Yaris Low Coolant Temp Problem!



Hi there all. Before someone says “normal” I know the low temp light is supposed to come on until the car reaches normal operating temp :slight_smile:

My problem is really strange and my mechanic and I are both perplexed. I have a 2008 Yaris automatic sedan with 98K miles on it.

The symptoms:

After driving for quite a while (30 minutes or more at times) the low temp light will come on… and sometimes goes right out… and sometimes goes on for a while.

If the check engine light isn’t already on - it will eventually go on.

Sometimes with the low temp light is on - it will race the engine (just straight high rev) OR it will pulse the engine (like I am pumping the gas peddle) OR it will not let the car shift into high gear (rare). Remember… all of this happens after the car has been running for while so it warmed up.

What we’ve tried (over a 4 week period now):

The error code indicates to replace the thermostat - so we’ve replaced it… twice
We’ve replaced the actual low temp sensor
We’ve checked the wiring between the sensors and the computer - wiring does not appear to have a short
Last week we replaced the computer (thank GOD with a used one (200.00)…because the same problem still exists with a replaced computer… a new one would have cost 800 - 900 dollars).

What the mechanic says now:
Might be an air conditioning thing running the fan too long?

Can you really run a fan so long it will drop the car temp back to below the low range operating temperature while driving on a highway? That seems pretty unlikely to me…

Has anyone seen this? Does anyone have any ideas what we should try next? If it were just a flickering light, I wouldn’t be so concerned… but because it revs the engine (even when I am at a stop light and I have to push the brake harder so it won’t start moving) and it sometimes wont shift into high gear… it’s concerning from a safety perspective.

Please Help!


“If the check engine light isn’t already on - it will eventually go on.”

Do you know if any DTCs are set when this happens and can you tell us specifically what the code(s) is / are ?



Have Your mechanic Take A Look At A 2007 - 2008 Toyota Yaris 4-Page TSB (Technical Service Bulletin) T-SB-0344-08, Written For Their Technicians.

See if it looks like your car needs a new improved Engine Wire Harness. You’ll need to check your car’s VIN against the bulletin.

Possible codes that will result from a faulty harness are P010_, P0121, P0125, P0172, P035_, P2237, or P2238.

That PO125 - “Insufficient Coolant Temperature for Closed Loop Fuel Control” is the one that caught my eye.


Take a look at this forum. I wasn’t logged in so I couldn’t open their copy of this bulletin that’s posted here, but maybe you could log in and scroll down and find it and have a look yourself.

This could be your problem or possibly it’s not it. Check it out with your mechanic.

Hope this helps.



Next time the low temp light comes on pull over and see if the cooling fan is running.
What does the temp gauge on the dash (does it have one?) read when the light comes on?


I have a similar problem going on with my '03 Camry. Except, it doesn’t have a separate sensor for low temp. It has a temp switch and a temp sender.

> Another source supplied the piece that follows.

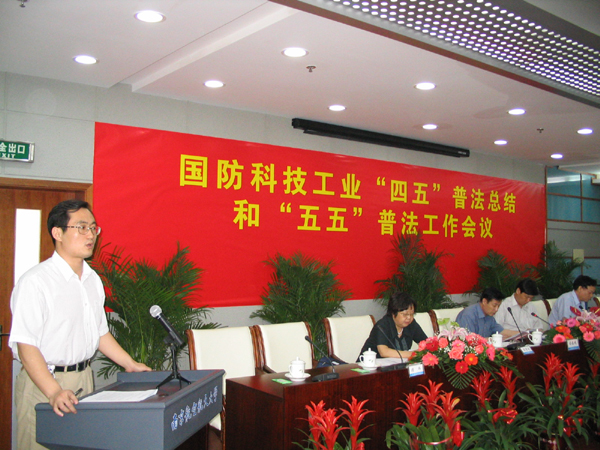 会上,国防科工委副主任虞列贵做了讲话。他指出,五年来,通过共同努力,以宪法为核心、以国防科技工业相关法律法规为重点的各类法律知识在全行业得到了广泛普及;干部职工法律素质逐步提高;行业依法治理水平不断增强;坚持普治并举,委属高校依法治校工作得到全面推进;建章立制、培养法律人才,军工企事业单位依法经营与管理迈上新的台阶,国科技工业“四五”普法工作取得了显著成效。他同时指出,要充分认识到“五五”普法工作的重要性,在“五五”普法期间,应加强组织领导,求真务实,开拓创新,扎实工作,全面完成“五五”普法规划,不断开创国防科技工业法制宣传教育工作的新局面,为促进国防科技工业的改革和发展,做出新的更大的贡献。

To the best of my knowledge, the switch is used for over temp fail-safe and the sender is used to measure engine temp for the gauge and ECM. The specific code eludes me now but in effect, it says the coolant temp is below regulating temperature. It is a timed test that after some period of running, if the temp sender does not measure and report a value that exceeds the expected value for a 180 degree thermostat, it sets a code.

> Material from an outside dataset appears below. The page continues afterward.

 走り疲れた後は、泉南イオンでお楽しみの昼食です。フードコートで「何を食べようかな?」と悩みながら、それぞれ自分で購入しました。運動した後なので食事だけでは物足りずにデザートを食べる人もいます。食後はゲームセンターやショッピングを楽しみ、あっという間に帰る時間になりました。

I bought a sender and thermostat but haven’t yet replaced them. Both were relatively cheap insurance. The other possibility is that there is an air bubble in the system. If the sensor probe is not immersed in coolant, it won’t read properly and will likely appear too cool compared to the coolant.

After all your mechanic has done, I would try to make sure you have burped the system properly to insure there isn’t trapped air causing an incorrect reading. As a final note, when looking up parts, I noticed they sell an OEM temperature thermostat at 180 degrees and also 170 degree thermostats. Why a 170 is offered, I do not know but there’s a good chance if you installed one (by mistake?), it might read too low for the computer setting and continue to generate the code even though you replaced a worn out t-stat with a new one.

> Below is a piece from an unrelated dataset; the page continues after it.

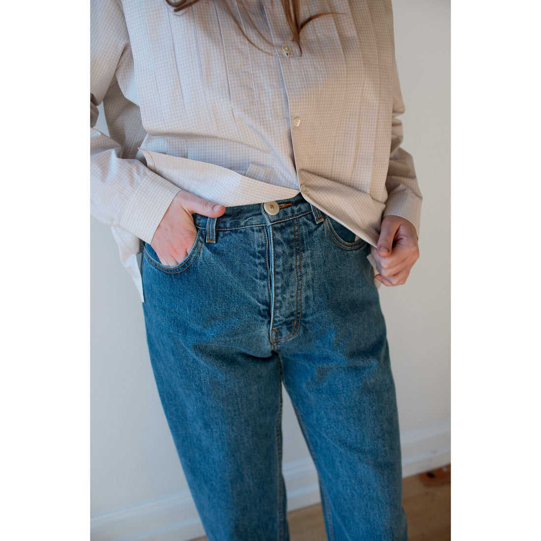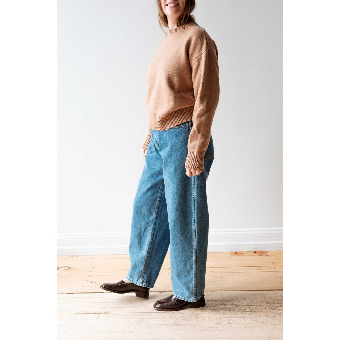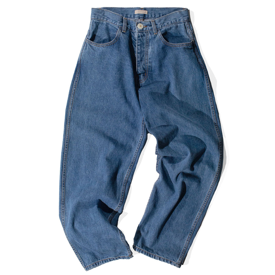 One of Jesse Kamm's newest styles, the California Wide Pant is a unisex pant with a relaxed straight leg, cut in stonewashed 13oz Japanese denim.

Thanks CSA I’ll check with my mechanic.

Circuitsmith - no temp guage on dash (that would be awesome wouldn’t it? :slight_smile: )


Twin Turbo -

Good thought on the thermostats - I’ll check. The problem is, the issue was happening before I replaced the thermostat… so while, I imagine the symptoms would be similar, it would seem to be a pretty amazing coincidence that the syptom would look exactly the same if he installed the wrong one (my mechanic did the work).